▶ **Instructions for the task**
Go to the line holding "(左新港鄉代表,林國治美術館" in the data below and repeat it exactly, then each line after it up to and including the one holding "Бронзирующая пудра с". Omit pictures.
Material shown Block Start
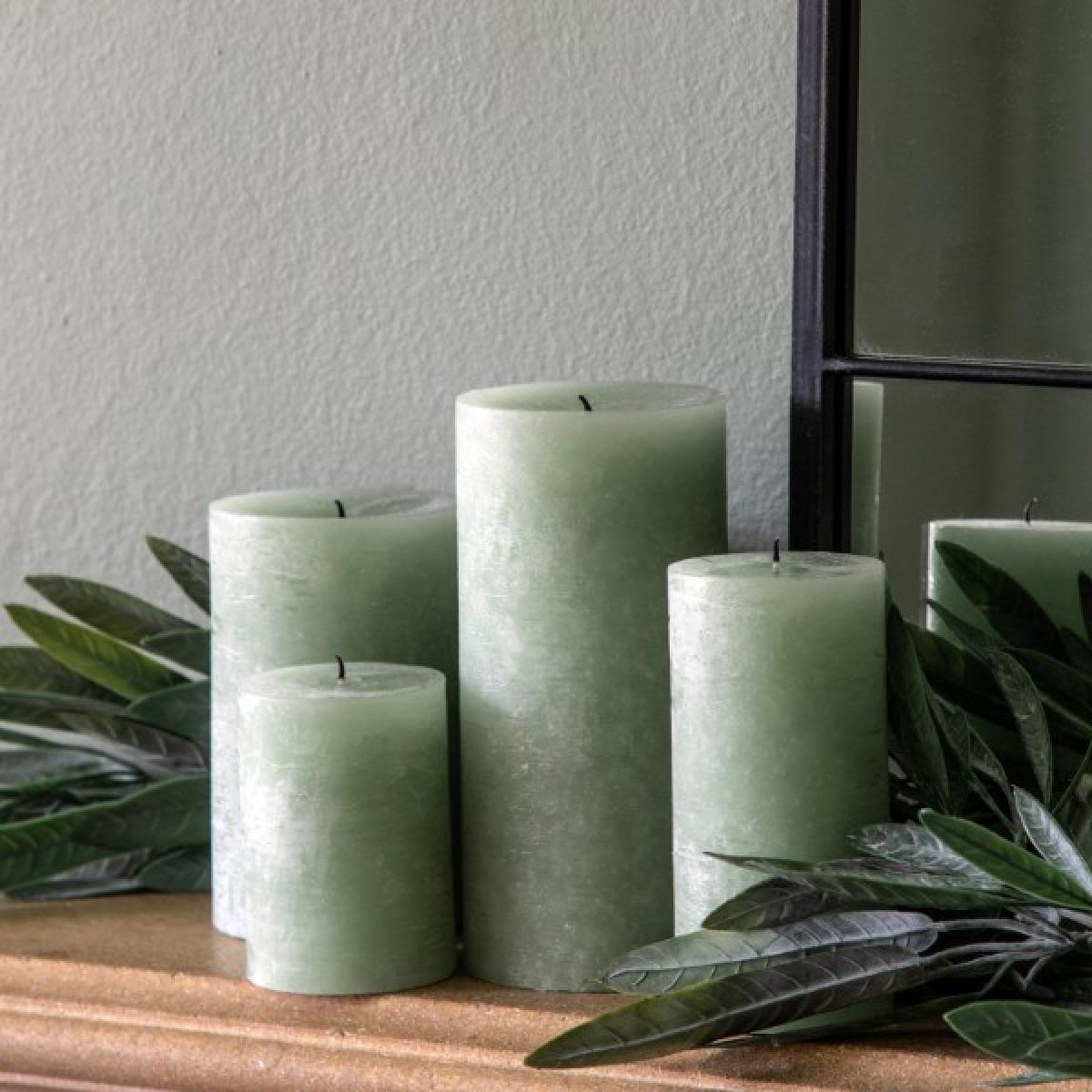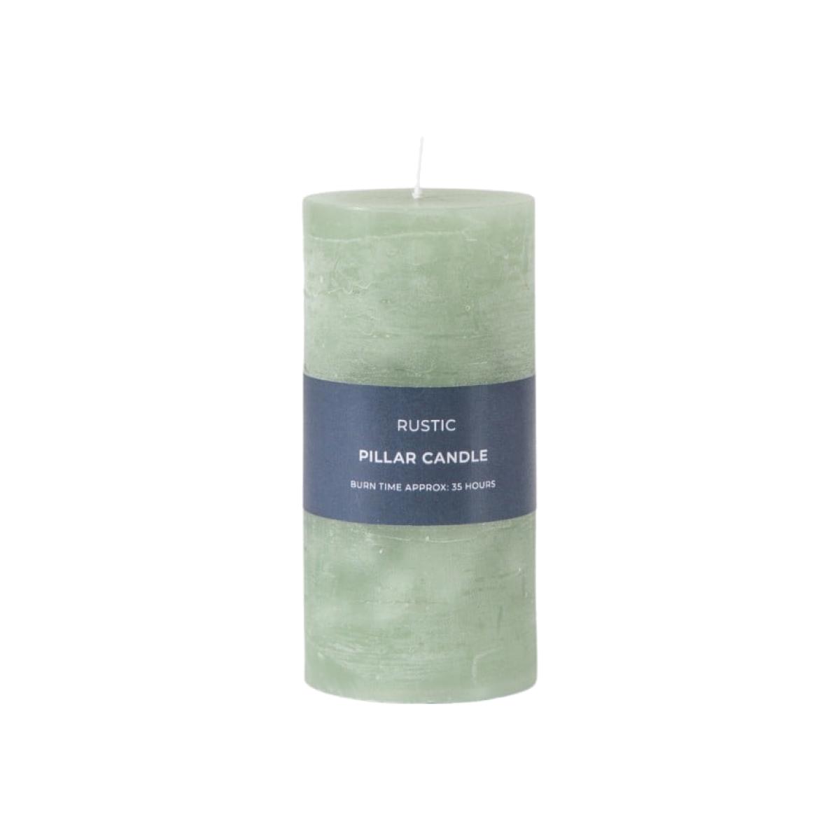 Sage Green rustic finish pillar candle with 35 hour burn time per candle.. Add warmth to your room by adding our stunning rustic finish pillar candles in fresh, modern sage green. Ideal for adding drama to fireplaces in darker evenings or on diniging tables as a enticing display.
Material shown Block End
Material shown Block Start
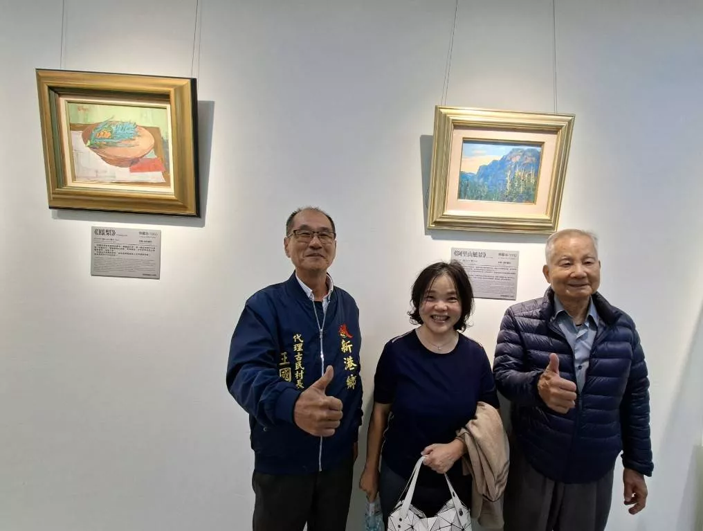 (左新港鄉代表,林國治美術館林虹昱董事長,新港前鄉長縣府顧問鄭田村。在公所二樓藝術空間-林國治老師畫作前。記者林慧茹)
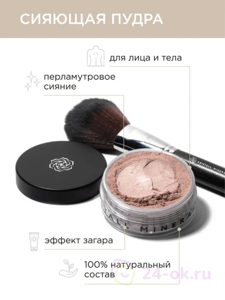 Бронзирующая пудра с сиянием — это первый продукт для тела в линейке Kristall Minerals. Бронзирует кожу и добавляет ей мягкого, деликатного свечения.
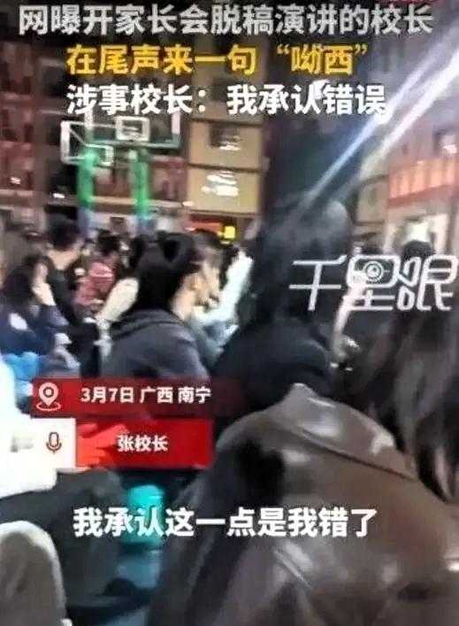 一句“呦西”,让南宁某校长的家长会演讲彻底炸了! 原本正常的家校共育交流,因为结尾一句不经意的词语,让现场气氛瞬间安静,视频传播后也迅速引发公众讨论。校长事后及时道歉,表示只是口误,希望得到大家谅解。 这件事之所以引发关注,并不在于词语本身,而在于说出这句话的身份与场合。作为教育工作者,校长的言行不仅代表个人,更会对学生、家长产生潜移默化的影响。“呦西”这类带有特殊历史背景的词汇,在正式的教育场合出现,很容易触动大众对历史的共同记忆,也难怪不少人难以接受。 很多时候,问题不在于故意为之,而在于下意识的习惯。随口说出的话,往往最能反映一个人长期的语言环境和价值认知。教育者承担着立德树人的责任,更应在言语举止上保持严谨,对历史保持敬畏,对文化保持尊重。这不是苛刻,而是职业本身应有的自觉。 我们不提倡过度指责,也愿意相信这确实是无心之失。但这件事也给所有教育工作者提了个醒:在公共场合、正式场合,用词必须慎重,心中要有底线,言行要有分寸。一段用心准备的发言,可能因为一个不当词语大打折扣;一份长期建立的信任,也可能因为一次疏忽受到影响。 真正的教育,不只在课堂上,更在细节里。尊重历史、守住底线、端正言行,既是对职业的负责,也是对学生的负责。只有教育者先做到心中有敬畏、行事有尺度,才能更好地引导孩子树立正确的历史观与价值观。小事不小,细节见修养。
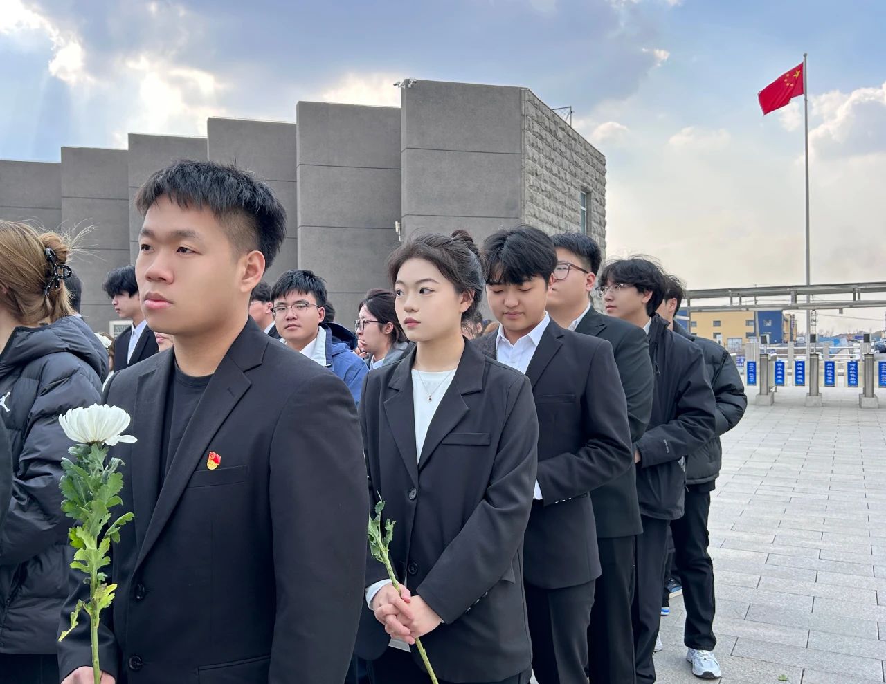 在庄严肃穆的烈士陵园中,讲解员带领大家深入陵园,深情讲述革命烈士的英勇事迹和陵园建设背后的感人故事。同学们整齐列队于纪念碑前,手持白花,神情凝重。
Material shown Block End
Material shown Block Start
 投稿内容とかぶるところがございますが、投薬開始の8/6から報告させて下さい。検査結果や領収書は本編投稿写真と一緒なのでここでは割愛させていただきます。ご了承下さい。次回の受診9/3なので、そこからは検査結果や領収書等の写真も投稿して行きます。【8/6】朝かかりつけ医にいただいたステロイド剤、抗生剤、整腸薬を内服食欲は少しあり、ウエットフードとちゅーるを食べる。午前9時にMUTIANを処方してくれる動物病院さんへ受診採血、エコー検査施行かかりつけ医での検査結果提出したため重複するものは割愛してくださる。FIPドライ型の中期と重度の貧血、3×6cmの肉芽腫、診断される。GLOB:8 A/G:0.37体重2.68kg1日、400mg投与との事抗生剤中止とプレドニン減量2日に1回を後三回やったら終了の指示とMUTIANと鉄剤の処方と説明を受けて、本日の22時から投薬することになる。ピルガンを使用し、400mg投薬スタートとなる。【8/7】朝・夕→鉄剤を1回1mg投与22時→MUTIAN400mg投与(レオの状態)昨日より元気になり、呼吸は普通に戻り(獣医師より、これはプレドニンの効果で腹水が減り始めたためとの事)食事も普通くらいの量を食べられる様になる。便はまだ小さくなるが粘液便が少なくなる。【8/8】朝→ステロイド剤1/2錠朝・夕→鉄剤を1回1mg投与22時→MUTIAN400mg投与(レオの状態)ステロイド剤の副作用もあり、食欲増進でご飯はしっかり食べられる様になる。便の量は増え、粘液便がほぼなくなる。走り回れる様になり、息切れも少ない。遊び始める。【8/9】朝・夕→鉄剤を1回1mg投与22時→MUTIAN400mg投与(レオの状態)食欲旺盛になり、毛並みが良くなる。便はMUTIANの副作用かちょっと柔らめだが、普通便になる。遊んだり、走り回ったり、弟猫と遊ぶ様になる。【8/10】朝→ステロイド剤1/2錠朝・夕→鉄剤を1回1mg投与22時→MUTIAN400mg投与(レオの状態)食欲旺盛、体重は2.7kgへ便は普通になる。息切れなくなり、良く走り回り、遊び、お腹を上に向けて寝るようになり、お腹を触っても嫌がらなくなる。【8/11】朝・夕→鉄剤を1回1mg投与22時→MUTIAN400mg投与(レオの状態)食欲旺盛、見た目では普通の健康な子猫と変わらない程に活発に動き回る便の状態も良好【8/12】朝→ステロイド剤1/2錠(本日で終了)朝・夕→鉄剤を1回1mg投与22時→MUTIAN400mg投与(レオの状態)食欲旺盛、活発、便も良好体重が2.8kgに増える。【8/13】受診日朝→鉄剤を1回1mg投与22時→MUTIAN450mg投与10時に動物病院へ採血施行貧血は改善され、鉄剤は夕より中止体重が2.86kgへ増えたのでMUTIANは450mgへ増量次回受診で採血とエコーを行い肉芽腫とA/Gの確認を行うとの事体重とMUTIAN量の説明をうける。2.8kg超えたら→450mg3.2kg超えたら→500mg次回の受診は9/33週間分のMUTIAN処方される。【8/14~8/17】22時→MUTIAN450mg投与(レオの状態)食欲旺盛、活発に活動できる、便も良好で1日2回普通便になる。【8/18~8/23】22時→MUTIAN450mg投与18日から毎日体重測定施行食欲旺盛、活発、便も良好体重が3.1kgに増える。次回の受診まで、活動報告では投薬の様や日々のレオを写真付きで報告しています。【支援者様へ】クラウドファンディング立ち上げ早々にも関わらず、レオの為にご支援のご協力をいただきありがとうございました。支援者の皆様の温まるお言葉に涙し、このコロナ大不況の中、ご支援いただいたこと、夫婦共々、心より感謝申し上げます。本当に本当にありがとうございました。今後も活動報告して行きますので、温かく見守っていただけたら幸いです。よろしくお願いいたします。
Material shown Block End
▶ **Written response**
 (左新港鄉代表,林國治美術館林虹昱董事長,新港前鄉長縣府顧問鄭田村。在公所二樓藝術空間-林國治老師畫作前。記者林慧茹)
 Бронзирующая пудра с сиянием — это первый продукт для тела в линейке Kristall Minerals. Бронзирует кожу и добавляет ей мягкого, деликатного свечения.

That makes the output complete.